P. SIGNIFICANT AND MATERIAL ORDERS PASSED BY THE REGULATORS OR COURTS OR TRIBUNALS IMPACTING THE GOING CONCERN STATUS AND COMPANY'S OPERATIONS IN FUTURE
No significant and material orders were passed by any regulators or courts or tribunals which impact the going concern status and company's operations in future.
Q. INTERNAL FINANCIAL CONTROLS
Your Board of Directors affirm that the internal financial controls with reference to financial statements as designed and implemented by the Company are adequate. During the year under review, no material or serious observation has been received from the statutory auditors of the Company on the inefficiency or inadequacy of such controls.
R. PROCEEDINGS UNDER THE INSOLVENCY AND BANKRUPTCY CODE, 2016
The details of the proceedings initiated/pending against the Company under the Insolvency and Bankruptcy Code, 2016 ("IBC") and their respective status are as follows:
Chandigarh
Bench
CP (IB)
83/CHD/Hry/2020.
S. GENERAL
Your Directors state that no disclosure is required in respect of the following matters, as there were no transactions/events in relation thereto, during the year under review:
1. Details relating to deposits covered under Chapter V of the Companies Act, 2013.
2. Issue of equity shares with differential rights as to dividend, voting or otherwise.
3. Issue of shares (including sweat equity shares) to employees of the Company under any scheme of the Company.
4. Any money received from the Director and their relatives.
5. A disclosure in respect of voting rights not exercised directly by the employees in respect of shares to which the scheme relates as per prescribed format under Companies (Share Capital and Debentures) Rules, 2014.

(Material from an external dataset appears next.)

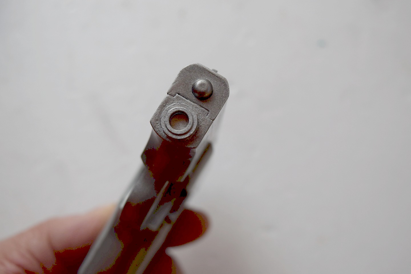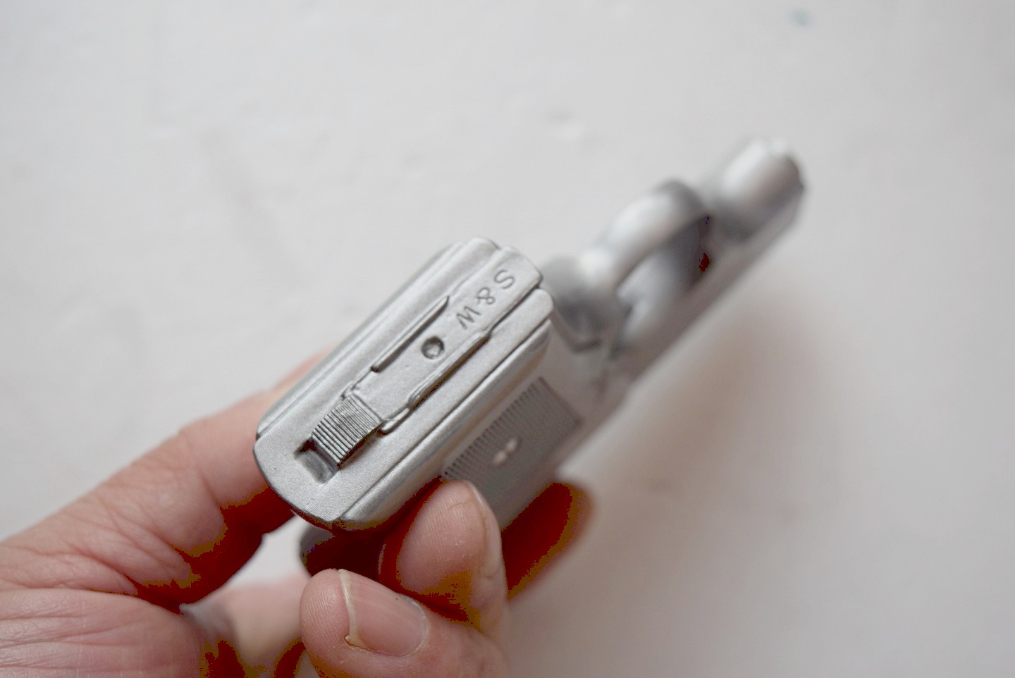 この個体は、人パンの K'z さんが以前記事にしていたトラビス屋さんのモデルとは、銃口部分が少し違っています。 一部刻印が薄いところがありますが、全体的には良く出来ていると思います。ちゃんと左グリップの右上にあるインジケータも 再現されています。

The Company is not required to maintain cost records as per sub-section (1) of Section 148 of the Companies Act, 2013.
There was no instance of onetime settlement with any Bank or Financial Institution. ACKNOWLEDGEMENT
Your Directors place on record their sincere appreciation for the co-operation extended by all stakeholders, including government authorities, shareholders, investors, readers, advertisers, customers, banks, vendors and suppliers. Your Directors also place on record their deep appreciation of the committed services of the executives and employees of the Company.